La Coordination Rurale (CR) perçoit comme « une provocation » l'annonce hier à Bruxelles par la Commission européenne d'une aide de 500 millions d'euros pour répondre « aux difficultés abyssales des agriculteurs européens ». Ce n'est qu' « un pansement sur une jambe de bois et ne répondent en rien aux besoins des producteurs pour éviter la faillite ». « Il convient de garder en mémoire que l'enveloppe débloquée pour la seule crise des concombres était de 210 millions d'euros pour mesurer le mépris des eurocrates et des ministres à l'égard de leurs agriculteurs ». « Une profonde réforme de la Pac est urgente afin qu'elle remplisse à nouveau ses objectifs initiaux, à savoir garantir la sécurité alimentaire de l'Union européenne et la stabilité des prix et des marchés, à un coût modéré pour les citoyens et assurant des revenus décents aux agriculteurs », explique la CR.

 

JA (Jeunes Agriculteurs) a opté pour l'humour pour tirer le bilan de la journée d'hier. « Alors que les organisations agricoles européennes ont passé au peigne fin toutes les rues du quartier des instances européennes, elles n'ont pas trouvé l'once d'une idée, d'une proposition ou d'un semblant de considération de la part du commissaire » européen à l'Agriculture Phil Hogan, resté « introuvable ». Son programme : négociations avec la Chine, le Japon et la Colombie pour supprimer les barrières à l'exportation des produits agricoles, recours au stockage privé ou l'extension du paquet lait aux autres secteurs : « On se sent mieux tout d'un coup. Mais ce n'est pas tout, il nous a aussi laissé un chèque de 40 € par exploitation. » Fin de la plaisanterie. « Le Commissaire s'est moqué de nous. Son aveuglement ultralibéral face à la crise est inacceptable. Nous sommes venus réclamer des mesures structurelles pour le long terme : des mesures européennes pour anticiper et gérer les crises, des mesures pour sécuriser les revenus des jeunes agriculteurs. Personne ne nous a entendus. »

 

Plus directement, Xavier Beulin, président de la FNSEA, reprochait hier à la Commission de ne « rien » proposer, et à la Pac de ne « rien » offrir. Il réclamait une réouverture « même partielle » du marché russe, un soutien des prix et des marchés par des mesures sur le prix d'intervention, les restitutions et l'exportation sur les pays tiers.
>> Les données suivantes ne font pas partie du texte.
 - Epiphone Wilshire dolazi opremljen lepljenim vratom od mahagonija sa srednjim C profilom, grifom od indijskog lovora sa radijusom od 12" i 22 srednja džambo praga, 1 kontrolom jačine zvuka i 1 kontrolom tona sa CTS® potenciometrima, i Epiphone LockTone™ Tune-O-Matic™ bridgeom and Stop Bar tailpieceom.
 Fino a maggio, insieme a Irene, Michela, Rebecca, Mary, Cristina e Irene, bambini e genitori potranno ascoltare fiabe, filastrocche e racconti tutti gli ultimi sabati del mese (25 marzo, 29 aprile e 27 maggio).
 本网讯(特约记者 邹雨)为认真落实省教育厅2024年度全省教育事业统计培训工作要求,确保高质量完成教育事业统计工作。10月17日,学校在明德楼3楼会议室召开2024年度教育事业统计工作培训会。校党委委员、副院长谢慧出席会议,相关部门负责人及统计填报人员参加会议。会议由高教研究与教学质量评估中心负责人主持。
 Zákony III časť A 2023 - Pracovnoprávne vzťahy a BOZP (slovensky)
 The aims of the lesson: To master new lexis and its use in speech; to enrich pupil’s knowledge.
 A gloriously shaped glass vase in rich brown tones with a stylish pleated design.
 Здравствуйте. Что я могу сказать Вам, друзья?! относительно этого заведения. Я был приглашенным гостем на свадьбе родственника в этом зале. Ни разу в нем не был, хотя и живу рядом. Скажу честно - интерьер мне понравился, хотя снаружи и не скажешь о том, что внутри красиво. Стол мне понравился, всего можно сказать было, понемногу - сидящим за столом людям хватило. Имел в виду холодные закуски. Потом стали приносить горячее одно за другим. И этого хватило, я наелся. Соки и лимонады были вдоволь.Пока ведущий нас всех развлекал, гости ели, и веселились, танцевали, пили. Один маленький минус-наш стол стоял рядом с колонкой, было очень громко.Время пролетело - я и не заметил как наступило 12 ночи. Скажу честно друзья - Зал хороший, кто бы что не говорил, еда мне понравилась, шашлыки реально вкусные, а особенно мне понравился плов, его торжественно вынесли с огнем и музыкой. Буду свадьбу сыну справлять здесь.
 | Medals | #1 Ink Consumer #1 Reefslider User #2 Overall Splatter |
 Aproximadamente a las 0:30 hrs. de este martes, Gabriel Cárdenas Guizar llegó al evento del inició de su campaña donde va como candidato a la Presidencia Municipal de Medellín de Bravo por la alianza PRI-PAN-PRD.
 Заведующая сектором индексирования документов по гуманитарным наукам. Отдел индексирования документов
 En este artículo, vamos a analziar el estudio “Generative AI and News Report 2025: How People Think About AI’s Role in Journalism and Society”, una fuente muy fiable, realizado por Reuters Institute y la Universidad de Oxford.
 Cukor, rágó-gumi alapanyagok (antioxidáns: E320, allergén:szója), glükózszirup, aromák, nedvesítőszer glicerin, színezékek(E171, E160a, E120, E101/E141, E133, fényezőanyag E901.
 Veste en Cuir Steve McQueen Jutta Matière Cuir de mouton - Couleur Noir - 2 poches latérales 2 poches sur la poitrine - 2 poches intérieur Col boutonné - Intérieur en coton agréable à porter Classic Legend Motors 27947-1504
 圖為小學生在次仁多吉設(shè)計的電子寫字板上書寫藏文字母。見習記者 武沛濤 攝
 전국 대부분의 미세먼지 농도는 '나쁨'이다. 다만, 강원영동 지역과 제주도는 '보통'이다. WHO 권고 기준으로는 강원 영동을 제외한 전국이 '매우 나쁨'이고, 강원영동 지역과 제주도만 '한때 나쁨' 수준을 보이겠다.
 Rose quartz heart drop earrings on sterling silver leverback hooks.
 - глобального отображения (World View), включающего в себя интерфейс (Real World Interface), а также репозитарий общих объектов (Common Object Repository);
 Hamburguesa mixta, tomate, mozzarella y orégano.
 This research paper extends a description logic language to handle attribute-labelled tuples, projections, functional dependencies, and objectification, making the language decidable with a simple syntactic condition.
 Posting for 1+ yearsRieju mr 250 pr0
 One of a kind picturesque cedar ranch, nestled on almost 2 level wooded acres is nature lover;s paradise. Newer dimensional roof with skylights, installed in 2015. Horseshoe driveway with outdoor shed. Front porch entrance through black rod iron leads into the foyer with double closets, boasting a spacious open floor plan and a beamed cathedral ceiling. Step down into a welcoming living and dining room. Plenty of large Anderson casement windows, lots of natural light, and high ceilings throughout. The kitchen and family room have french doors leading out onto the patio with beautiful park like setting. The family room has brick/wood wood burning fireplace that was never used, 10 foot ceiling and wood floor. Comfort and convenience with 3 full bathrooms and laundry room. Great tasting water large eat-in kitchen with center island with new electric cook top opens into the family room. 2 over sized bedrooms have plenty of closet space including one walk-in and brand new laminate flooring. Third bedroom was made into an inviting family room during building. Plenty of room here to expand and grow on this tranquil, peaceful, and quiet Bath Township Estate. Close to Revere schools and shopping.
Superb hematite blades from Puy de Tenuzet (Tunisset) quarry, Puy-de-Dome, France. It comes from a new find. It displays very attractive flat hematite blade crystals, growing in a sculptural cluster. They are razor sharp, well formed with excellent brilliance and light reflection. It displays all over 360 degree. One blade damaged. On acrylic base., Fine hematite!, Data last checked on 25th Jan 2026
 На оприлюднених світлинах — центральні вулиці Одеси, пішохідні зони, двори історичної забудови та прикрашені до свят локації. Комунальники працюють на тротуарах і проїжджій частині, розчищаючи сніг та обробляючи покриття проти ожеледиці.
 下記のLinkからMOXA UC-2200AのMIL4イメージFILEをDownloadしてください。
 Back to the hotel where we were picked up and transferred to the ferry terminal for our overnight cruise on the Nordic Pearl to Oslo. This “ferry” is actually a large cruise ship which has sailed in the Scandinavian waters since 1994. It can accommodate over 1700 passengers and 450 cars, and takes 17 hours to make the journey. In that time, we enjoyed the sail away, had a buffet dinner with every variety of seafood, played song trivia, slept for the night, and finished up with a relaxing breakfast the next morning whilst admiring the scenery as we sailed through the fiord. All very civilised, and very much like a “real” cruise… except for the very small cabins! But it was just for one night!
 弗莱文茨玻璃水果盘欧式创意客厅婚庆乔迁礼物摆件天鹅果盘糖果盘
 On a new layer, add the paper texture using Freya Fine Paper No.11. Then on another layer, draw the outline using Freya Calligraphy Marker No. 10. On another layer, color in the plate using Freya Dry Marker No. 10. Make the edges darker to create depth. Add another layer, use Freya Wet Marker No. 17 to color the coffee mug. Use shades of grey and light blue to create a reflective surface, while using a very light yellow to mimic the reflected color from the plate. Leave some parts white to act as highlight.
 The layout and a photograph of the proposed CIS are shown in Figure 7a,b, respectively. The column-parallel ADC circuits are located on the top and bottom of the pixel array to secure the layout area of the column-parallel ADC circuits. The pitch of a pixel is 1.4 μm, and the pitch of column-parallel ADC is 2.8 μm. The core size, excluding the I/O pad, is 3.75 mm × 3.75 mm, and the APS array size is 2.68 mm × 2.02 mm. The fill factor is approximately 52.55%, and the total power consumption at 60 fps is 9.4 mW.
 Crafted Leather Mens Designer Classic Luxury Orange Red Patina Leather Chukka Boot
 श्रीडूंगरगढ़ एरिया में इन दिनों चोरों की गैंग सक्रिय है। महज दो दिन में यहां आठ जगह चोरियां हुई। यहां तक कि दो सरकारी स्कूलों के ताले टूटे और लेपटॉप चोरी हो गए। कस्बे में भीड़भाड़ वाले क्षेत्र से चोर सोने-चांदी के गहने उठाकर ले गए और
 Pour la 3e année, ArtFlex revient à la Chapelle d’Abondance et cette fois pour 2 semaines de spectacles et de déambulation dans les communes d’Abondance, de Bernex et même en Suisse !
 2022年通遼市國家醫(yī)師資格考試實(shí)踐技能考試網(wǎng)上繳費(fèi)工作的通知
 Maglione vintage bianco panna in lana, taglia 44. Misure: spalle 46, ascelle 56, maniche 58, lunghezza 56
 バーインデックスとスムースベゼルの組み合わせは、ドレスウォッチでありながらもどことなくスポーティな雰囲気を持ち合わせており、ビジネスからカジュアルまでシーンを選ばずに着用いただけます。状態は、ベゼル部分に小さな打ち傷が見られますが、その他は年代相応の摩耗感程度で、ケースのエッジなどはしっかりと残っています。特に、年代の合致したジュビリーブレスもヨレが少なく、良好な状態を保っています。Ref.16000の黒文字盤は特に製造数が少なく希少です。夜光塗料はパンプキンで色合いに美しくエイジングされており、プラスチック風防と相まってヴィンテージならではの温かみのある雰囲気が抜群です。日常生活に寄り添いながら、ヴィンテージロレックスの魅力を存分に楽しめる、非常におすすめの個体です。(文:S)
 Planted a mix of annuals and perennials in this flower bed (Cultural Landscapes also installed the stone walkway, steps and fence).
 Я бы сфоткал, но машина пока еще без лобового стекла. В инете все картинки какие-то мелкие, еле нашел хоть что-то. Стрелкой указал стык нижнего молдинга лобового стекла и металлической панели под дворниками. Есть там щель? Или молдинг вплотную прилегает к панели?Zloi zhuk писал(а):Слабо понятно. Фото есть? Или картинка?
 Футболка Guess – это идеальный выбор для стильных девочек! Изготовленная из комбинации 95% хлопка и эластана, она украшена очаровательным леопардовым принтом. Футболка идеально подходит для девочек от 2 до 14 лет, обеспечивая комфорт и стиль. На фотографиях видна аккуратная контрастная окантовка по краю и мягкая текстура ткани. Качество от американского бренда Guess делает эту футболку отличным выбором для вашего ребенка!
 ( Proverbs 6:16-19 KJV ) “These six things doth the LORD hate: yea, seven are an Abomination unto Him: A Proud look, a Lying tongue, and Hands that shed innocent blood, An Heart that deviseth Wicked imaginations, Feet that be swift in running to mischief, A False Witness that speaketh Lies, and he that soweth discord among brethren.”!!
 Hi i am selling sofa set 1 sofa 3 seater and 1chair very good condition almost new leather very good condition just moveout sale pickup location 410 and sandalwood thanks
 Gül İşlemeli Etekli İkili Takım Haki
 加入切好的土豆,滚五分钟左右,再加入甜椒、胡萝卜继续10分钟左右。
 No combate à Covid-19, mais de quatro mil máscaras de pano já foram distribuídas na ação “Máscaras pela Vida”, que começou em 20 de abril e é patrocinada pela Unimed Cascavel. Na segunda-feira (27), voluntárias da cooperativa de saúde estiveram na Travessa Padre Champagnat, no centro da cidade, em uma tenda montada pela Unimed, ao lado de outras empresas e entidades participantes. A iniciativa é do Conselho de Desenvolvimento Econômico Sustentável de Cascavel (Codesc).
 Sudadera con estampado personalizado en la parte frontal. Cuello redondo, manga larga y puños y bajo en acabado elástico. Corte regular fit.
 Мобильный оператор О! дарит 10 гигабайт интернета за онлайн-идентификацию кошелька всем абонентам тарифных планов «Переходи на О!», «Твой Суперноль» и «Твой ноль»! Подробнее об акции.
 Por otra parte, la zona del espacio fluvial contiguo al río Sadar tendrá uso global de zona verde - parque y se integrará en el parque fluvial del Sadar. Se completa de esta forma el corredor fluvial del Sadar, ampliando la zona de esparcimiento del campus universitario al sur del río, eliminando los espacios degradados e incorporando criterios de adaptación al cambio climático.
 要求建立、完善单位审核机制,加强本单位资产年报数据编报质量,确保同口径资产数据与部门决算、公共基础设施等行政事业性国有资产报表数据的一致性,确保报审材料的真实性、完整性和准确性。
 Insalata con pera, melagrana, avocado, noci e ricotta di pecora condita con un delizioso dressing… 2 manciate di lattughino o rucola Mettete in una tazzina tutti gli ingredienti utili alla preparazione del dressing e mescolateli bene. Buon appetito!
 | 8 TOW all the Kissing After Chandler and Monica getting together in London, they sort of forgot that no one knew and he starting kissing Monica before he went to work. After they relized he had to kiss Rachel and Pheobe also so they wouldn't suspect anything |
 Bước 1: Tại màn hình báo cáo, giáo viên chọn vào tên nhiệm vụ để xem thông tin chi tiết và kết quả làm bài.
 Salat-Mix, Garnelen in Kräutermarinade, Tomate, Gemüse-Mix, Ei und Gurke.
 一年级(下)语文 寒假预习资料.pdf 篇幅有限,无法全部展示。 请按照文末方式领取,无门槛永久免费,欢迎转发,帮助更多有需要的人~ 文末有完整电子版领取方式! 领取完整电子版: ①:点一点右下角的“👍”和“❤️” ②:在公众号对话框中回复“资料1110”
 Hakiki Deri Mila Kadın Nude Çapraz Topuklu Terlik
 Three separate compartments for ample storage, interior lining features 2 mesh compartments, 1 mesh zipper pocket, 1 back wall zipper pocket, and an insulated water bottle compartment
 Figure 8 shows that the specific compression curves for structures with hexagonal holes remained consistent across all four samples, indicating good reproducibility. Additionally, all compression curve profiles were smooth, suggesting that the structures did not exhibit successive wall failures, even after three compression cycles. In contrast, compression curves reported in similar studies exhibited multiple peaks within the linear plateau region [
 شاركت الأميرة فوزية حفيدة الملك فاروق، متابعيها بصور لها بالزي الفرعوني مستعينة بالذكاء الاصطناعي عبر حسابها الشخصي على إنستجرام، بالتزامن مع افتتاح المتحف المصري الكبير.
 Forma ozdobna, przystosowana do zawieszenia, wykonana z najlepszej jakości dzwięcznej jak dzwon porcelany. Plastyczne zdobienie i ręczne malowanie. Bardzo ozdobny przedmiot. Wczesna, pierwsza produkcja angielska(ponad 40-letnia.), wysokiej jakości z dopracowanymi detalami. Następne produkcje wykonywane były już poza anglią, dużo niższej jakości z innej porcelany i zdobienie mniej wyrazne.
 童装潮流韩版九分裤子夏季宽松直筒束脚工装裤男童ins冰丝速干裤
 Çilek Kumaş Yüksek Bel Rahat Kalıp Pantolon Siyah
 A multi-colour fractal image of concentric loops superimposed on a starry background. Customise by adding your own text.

Il réclamait également un étiquetage sur l'origine des aliments, et de ne pas tout lâcher dans les négociations sur le TTIP avec les Américains.

 

La FNCL (Fédération nationale des coopératives laitière) « déplore une aide d'urgence insuffisante et sans effet sur les marchés ». Elle reproche à la Commission de rester « sourde [à la crise] en proposant des mesures inadéquates ». Ainsi, relever les seuils d'intervention « aurait eu un effet stabilisateur sur les marchés et aurait donc engendré une répercussion positive sur le prix du lait payé aux producteurs (ce qui n'est pas le cas du stockage privé, plutôt apparenté à une facilité de gestion pour les opérateurs). » La FNCL rappelle « l'urgence de réformes de fond à l'échelle européenne, pour que les crises soient à l'avenir mieux anticipées et gérées ». 

 

Son de cloche plus modéré du côté du Copa-Cogeca, qui accueille positivement les mesures d'aides supplémentaires annoncées par la Commission, tout en les estimant encore « insuffisantes », en particulier en ce qui concerne les mesures d'aide à l'exportation, de soutien aux marchés ou d'adaptation à la volatilité.

 


Les commentaires de nos abonnés (1)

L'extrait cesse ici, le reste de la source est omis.